Dataset items:
───

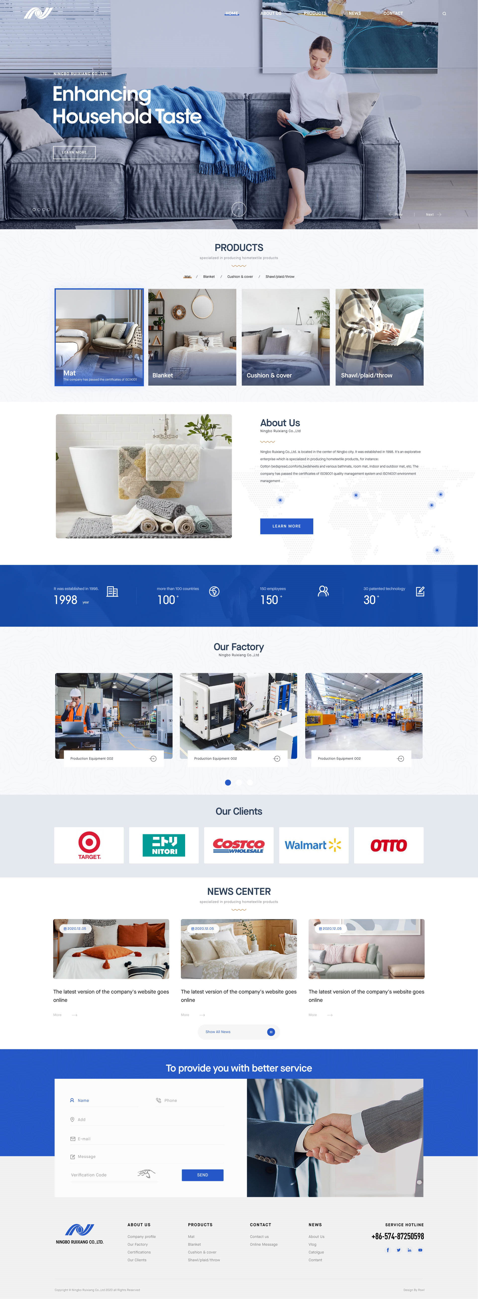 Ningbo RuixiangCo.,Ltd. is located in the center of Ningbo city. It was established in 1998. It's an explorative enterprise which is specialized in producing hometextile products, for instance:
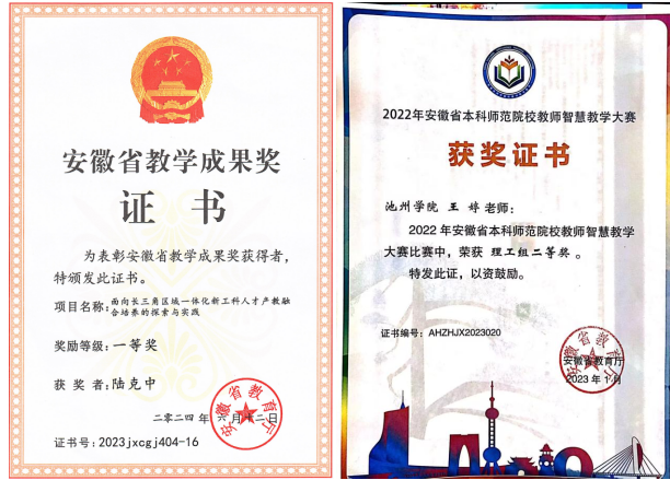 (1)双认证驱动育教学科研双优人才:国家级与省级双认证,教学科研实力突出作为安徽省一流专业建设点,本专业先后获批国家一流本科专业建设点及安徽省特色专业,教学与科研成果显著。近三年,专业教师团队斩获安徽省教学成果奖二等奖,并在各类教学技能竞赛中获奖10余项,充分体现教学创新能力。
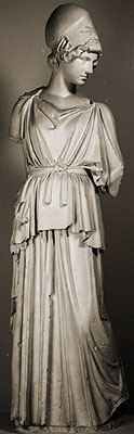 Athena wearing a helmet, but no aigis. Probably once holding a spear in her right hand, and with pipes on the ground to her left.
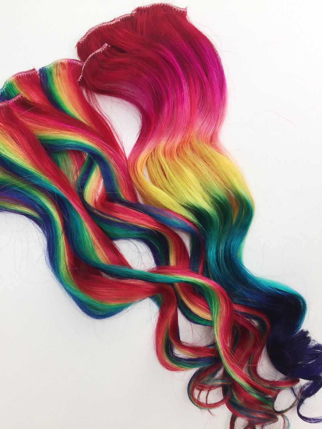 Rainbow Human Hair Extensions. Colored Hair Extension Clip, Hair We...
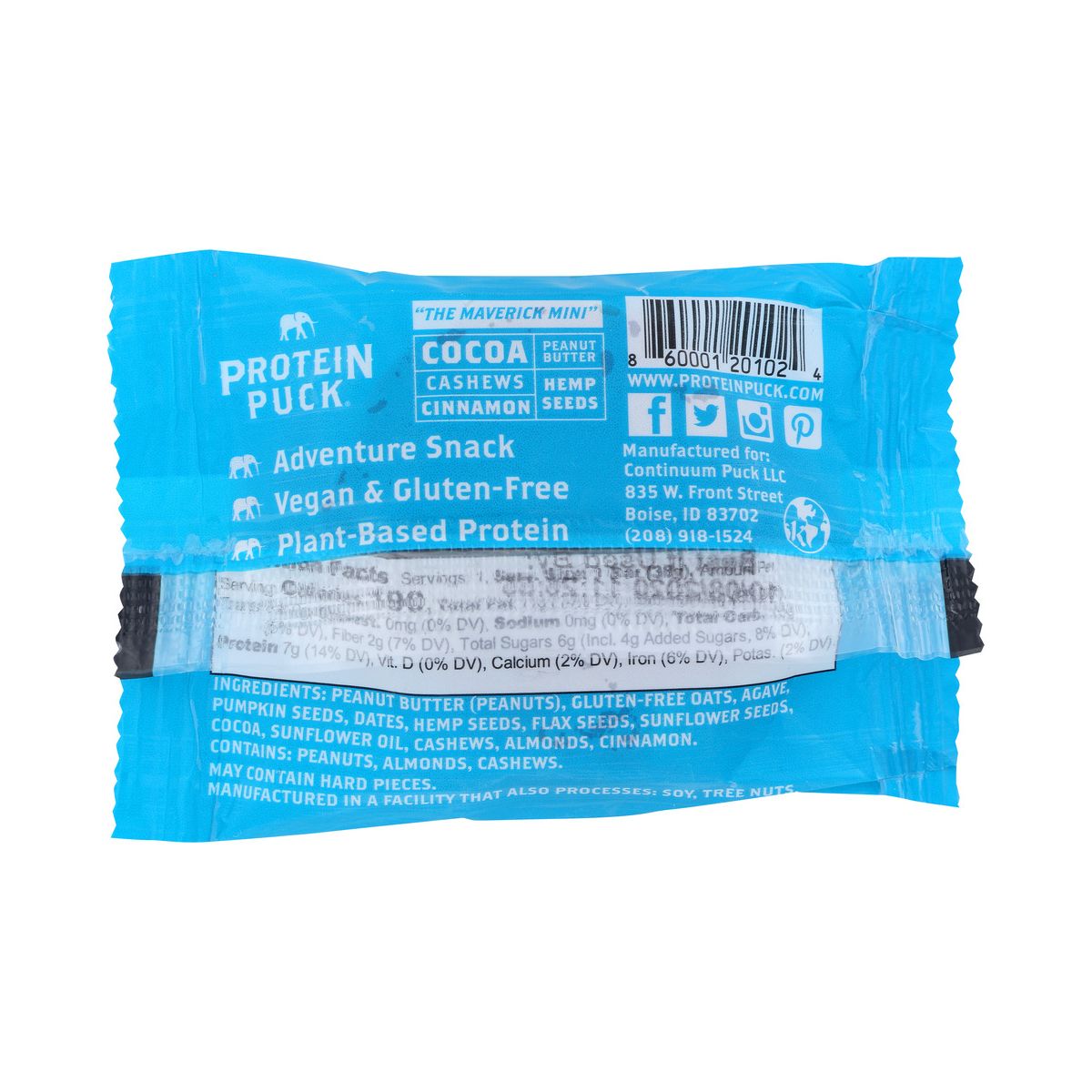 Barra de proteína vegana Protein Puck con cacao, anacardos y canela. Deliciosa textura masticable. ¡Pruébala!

───

= Activity =
The lines from the one containing "Rainbow Human Hair" to the last line of the records, both included: print exactly those and nothing else, leaving out any pictures.

= Answer box =
 Rainbow Human Hair Extensions. Colored Hair Extension Clip, Hair We...
 Barra de proteína vegana Protein Puck con cacao, anacardos y canela. Deliciosa textura masticable. ¡Pruébala!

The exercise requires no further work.